These experiences of physical endurance and of cultural immersion that would later inform my Shugendo training. 

Kumano: nature and spirit calling

While living and working in Tokyo, I felt a deep craving for nature and life in the countryside. I thought often of my childhood and teenage years growing up in a small village in East Germany and spending time in the woods and fields.

Morihei Ueshiba, the founder of aikido, was born in the city of Tanabe in Kumano, the area around the southern tip of the Kii Peninsula. The mountain ascetic monk Kosho Tateishi, who featured in the Shugendo Now documentary by Mark McGuire,* also lived in Kumano. I had long wanted to visit the birthplace of Ueshiba, also known as Osensei, and so Kumano became my first destination. 

I fell in love with the area instantly, and soon decided that this was where I wanted to live. From my base in Tokyo, I visited Kumano several times, walking the Kumano Kodo pilgrimage trails that I discovered on my first visit to the region.

Around this time, I came across several references to shugyo (ascetic training) and to takigyo (waterfall training) in books written about Morihei Ueshiba. When I researched the meaning of the words, I found references to En no Gyoja and Shugendo.

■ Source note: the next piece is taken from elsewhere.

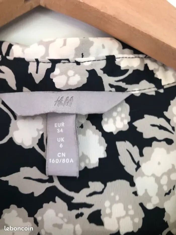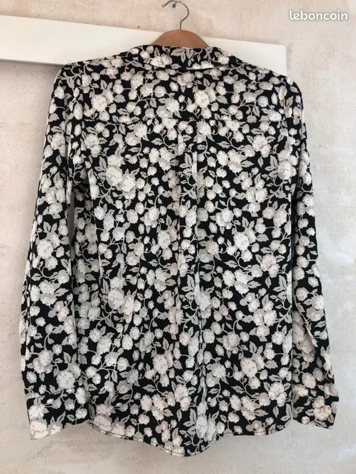 Porté une seule fois , ce chemisier est très classe et très agréable sur la peau. Taille 34 mais convient pour un 36 aussi Noir/crème /beige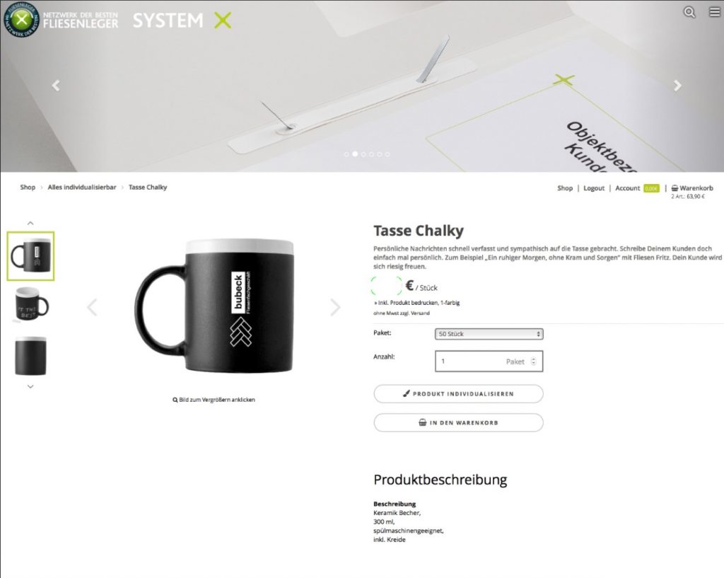 Das Angebot der Plattform umfasst die Möglichkeit sich eine individuelle Geschäftsausstattung, Arbeitskleidung, Baustellenplanen bis hin zu personalisierten Kundengeschenken, die der Fliesenleger zu besonderen Konditionen beziehen kann. „Wir haben für die Plattform ein Konzept entwickelt, welches ideal auf die Bedürfnisse der Fliesenleger angepasst ist“, berichtet Mario Meuler, Geschäftsführer der codex GmbH & Co. KG. „Diese Konzeptionsarbeit müsste ein Fliesenleger bei einer Agentur alleine tragen und einen geeigneten Werbepartner beauftragen. Dies alles haben wir bereits für ihn übernommen.“

I continued my research, looking for any books in English and any references online, which were rare 15 years ago.

After I found the documentary Shugendo Now, I got hold of the contact details Mark McGuire. We held call and, after talking for two hours, he asked me whether I wanted to meet Kosho Tateishi, the protagonist in his documentary. I said yes, and on my next visit to Kumano, after walking another section of the Kumano Kodo trails, I called the monk.

This is where my Shugendo life began. I started training with this monk, who came to Tokyo once a month to conduct one-day training in the mountains two hours by train outside of Tokyo. We would do a nyubu (a mountain entry), practiced blowing the horagai (conch shell), and underwent takigyo (ceremonial purification beneath waterfalls).

After a year of these monthly training sessions, I was just wishing that I could live near my monk teacher’s temple and commit to more serious training. I wanted to experience more, go faster, dive deeper. In a nutshell, I wanted to experience the “real thing”—intensive Shugendo training.

Quitting Tokyo and all that Japan’s biggest metropolis offers—well-paid jobs and educational opportunities, culture and entertainment, friends and networks—was not easy, but my chance came in 2011. My partner and I packed up our small household, loaded it all onto a truck, and drove the 500 kilometers to Kumano with no place to live and no employment lined up.

At the time, I thought that three years would be a good span to see some “results,” some sort of achievement—not quite enlightenment but substantial progress on the Shugendo path. Now I know better. After all, Shugendo is a “way,” and there is no end to training.

Alena with conch shell on the Kumano Kodo pilgrimage trail near her home on the Kii Peninsula. Image courtesy of the author

Yamabushi with a job

How could I earn a living in a remote area of Japan that would cover my living expenses and enable me to continue my Shugendo training? This was the big question that presented itself after moving to Kumano.

En no Gyoja, or En the Ascetic, is considered to be the founder of Shugendo. He was an ubasoku: En no Ubasoku. Ubasoku, from the Sanskrit and Pali word upasaka, is a devout male lay follower of Buddhism in Japan. Ubasoku do not renounce their secular life in order to live as a monk.

This concept was appealing to me as I would be able train in Shugendo and at the same time live with my partner at our family home and have a job. It was more coincidence than planning that I found employment in tourism that turned out to be an excellent fit for where I lived and what I wanted to do in Kumano.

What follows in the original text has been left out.